There's nothing to be done about the programmer's mistakes. By definition, a piece of code that is supposed to work is broken (such as a variable name is wrong) and you can't fix it with more code. Once you do so, you use the error-handling code instead of the wrong code.

Some people are in favor of recovering from a programmer's mistake, which is to let the current operation fail, but to proceed with the request. This practice is not recommended. Consider a situation where there is a mistake in the original code that does not take into account a particular situation. How can you be sure that this question will not affect other requests? If other requests share a state (server, socket, database connection pool, etc.), there is a significant likelihood that other requests will be abnormal.

A typical example is a rest server (such as a restify), if a request-handling function throws a referenceerror (for example, the variable name is wrong). It's very likely that it will lead to serious bugs and is extremely difficult to find. For example, a state that is shared among some requests may be turned into null,undefined or other invalid values, and the result is that the next request fails. Database (or other) connections may be compromised, reducing the number of requests that can be processed in parallel. Finally, only a few of the available connections will be bad, which will cause the request to become serially processed by parallelism. To make matters worse, the Postgres connection will be left in the open request transaction.
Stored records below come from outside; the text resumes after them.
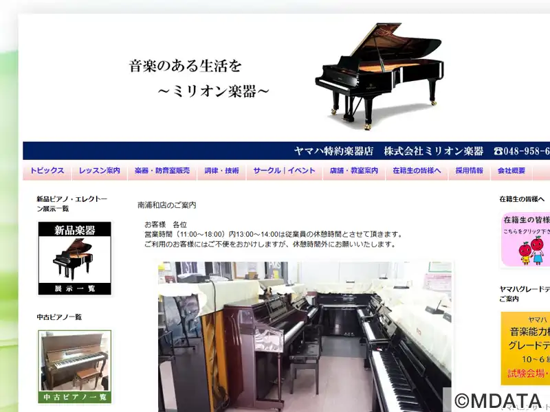 さいたま市のJR南浦和駅東口から徒歩3分の場所にある楽器店。中古のアップライトピアノを中心に、新品ピアノや電子ピアノのクラビノーバ、防音室アビテックスなどを展示している。専門スタッフが環境や予算に応じて、新品と中古を組み合わせた提案を行う。楽譜や音楽小物も取り扱うほか、防音室のスタジオレンタル、調律・修理など技術サービスにも対応。全12室のレッスン室を備え、ヤマハ音楽教室・南浦和センターを併設する。
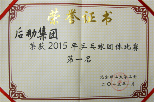 2015年1月20日下午,北京理工大學2014年教職工乒乓球比賽在學校體育館拉開帷幕。來自后勤集團的陳洋、李鋒博、高建立、王艷、陳健、逯貴順、王京、麥穗琴組成后勤集團代表隊,以全勝的戰績成功晉級八強;21日下午,后勤代表隊堅持不懈,一路過關斬將,最終登頂成功,獲得校工會乒乓球團體賽第一名。
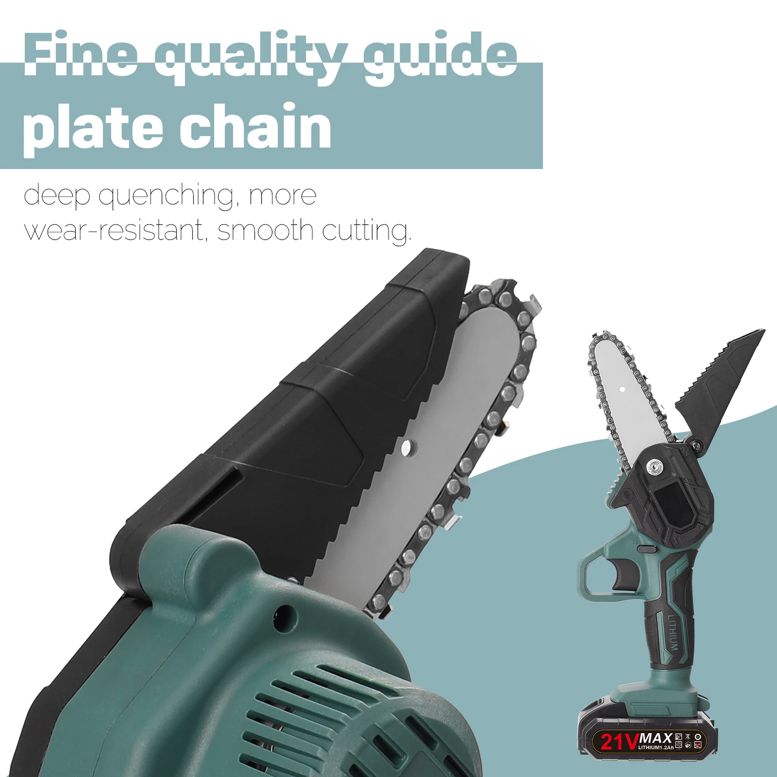 По сравнению с другими обрезными пилами, эта бензопила меньше, ее удобно держать и использовать. Этот продукт изготовлен из тонкого практичного и простого в эксплуатации материала, имеет широкое применение и имеет длительный срок службы, поэтому вам не нужно часто их менять. Этот продукт идеально подходит для обрезки, разделения, дров, резки дерева и так далее, попробуйте, он не подведет.Особенности:По сравнению с другими типами бензопилы, эта бензопила меньше и светильник, поэтому вы можете удерживать и использовать ее более легко, что на используется для больше людей.Эргономичный дизайн ручки, одной рукой, долго держать не устанут руки.Беспроводной дизайн, легкий и портативный, удобный для переноски и пиления древесины.Пила была глубокой закалкой при высоких температурах, с заточением пильных Зубцов, более износостойкой, гладкой резкой.Высокая эффективность работы, высокая точность позиционирования, низкий уровень шума, что дает вам лучший опыт использования.Высокая скорость резки, практичность и низкое энергопотребление, высокая стабильность и высокая производительность.Характеристики:Материал: АБС-пластик + металлОсновной цвет: зеленыйПитание: 2 * литиевых аккумулятора, 21 в, 2000 мАч (в комплекте)Размер хоста после сборки: 330*110*100 мм/13,0*4,3 * 3.9inРазмер направляющей пластины: 129*34*3 мм/5,1*1,3 * 0.1inВес изделия: 1061 г/фунтаПосылка: 300*120*110 мм/11,8*4,7 * 4.3inВес посылка: 1584 г/фунтаУпаковочный лист:1 * хост1 * цепь1 отвертка1 * рукав1 * направляющая пластина1 * Адаптер питания (Великобритания, ЕС, Австралия, США на выбор)Аккумулятор 2*21 в1 * перегородка

This results in Postgres the old value of a row in the "hold" table because it is visible to the transaction. This problem can occur for weeks, causing the table to grow indefinitely, and subsequent requests are all slowed down from milliseconds to minutes [footnote 4]. Although this problem is closely related to Postgres, it is a good indication that a simple error by the programmer can put the application into a very scary state. The connection will stay in the authenticated state and be used by subsequent connections. The result is that the user is mistaken in the request. The socket will open all the time. In general, Nodejs will use a two-minute timeout on an idle socket, but this value can be overwritten, which will reveal a file descriptor. If this happens continuously, the program will be forced to retire because it has exhausted all the file descriptors. Even if this timeout is not overwritten, the client hangs for two minutes until the "hang-up" error occurs. The two-minute delay will make the problem difficult to handle and debug. Many memory references will be left behind. This can lead to leaks, resulting in memory exhaustion, increased GC time and a sharp drop in performance. This is very difficult to debug, and it is very tricky to relate to the error that caused the leak.

The best way to recover from mistakes is to crash immediately. You should use a restarter to start up your program and restart it automatically when the crash is running. If the restarter is ready, the crash is the quickest way to restore a reliable service in the interim.
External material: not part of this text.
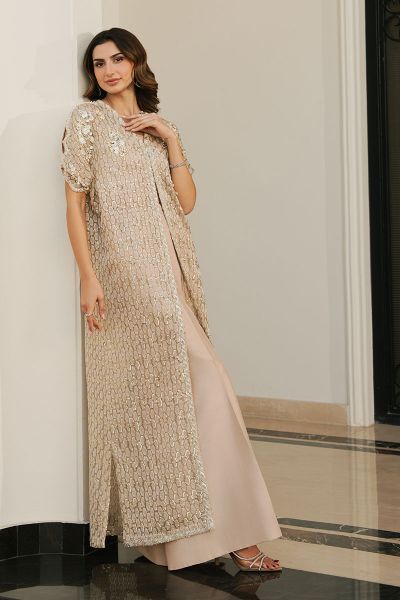 This elegant beige outfit combines classic sophistication with contemporary flair. The long kaftan-style shirt features a graceful cutline, flowing effortlessly to create a flattering silhouette. Shimmering embellishments delicately accentuate the neckline and edges, adding a touch of opulence without overpowering the simplicity of the design. Paired with straight trousers, the outfit exudes a sleek and refined look, balancing fluidity with structure. Perfect for formal occasions or evening events, this ensemble captures understated luxury and timeless elegance.
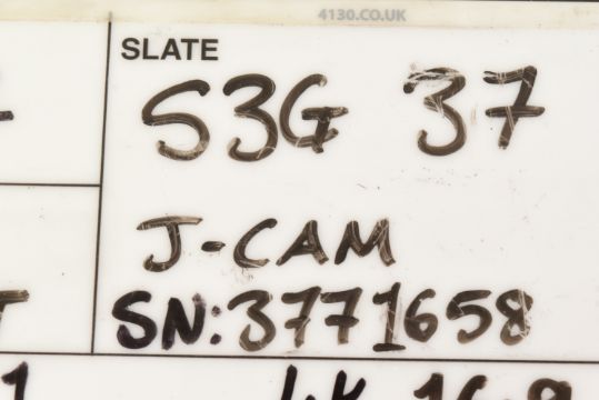 His Dark Materials - The Amber Spyglass (2019-2022 BBC adaptation based on the Philip Pullman novels of the same name) - an original production used clapperboard plastic slate. Filled out in dry-wipe marker with details of the shot last used, with 'Badwolf' production logo to the right-hand edge and custom-made Dark Materials artwork to the lower edge, noting the director and director of photography for production. Measures approx 19cm x 28cm.

The only downside to a crash application is that connected clients are temporarily disturbed, but remember that these errors are, by definition, bugs. We are not talking about a normal system or a network error, but a real bug in a program. They should be rare on the line and are the highest priority for debugging and repair. In all the situations discussed above, the request is not necessarily successful. The request can be completed successfully, may crash the server again, may be done incorrectly in some obvious way, or end incorrectly in a way that is difficult to debug. In a complete distributed system, the client must be able to handle server-side errors by resetting and retrying. Whether the Nodejs application is allowed to crash or not, the failure of the network and the system is a fact. If your online code crashes so frequently that the disconnect becomes a problem, the real problem is that you have too many bugs on your server, rather than crashing because you chose to make a mistake.

If a server crashes frequently causing clients to drop frequently, you should focus your experience on bugs that cause the server to crash, turn them into catch exceptions, rather than avoid crashing as much as possible if the code is clearly problematic. The best way to debug this type of problem is to configure the Nodejs to print the kernel file when there is no catch exception. Using these kernel files on Gnu/linux or Illumos systems, you can see not only the stack records when the application crashed, but also the arguments passed to the function and other JavaScript objects, even the variables referenced in the closure. Even if code dumps is not configured, you can use stack information and logs to start handling problems.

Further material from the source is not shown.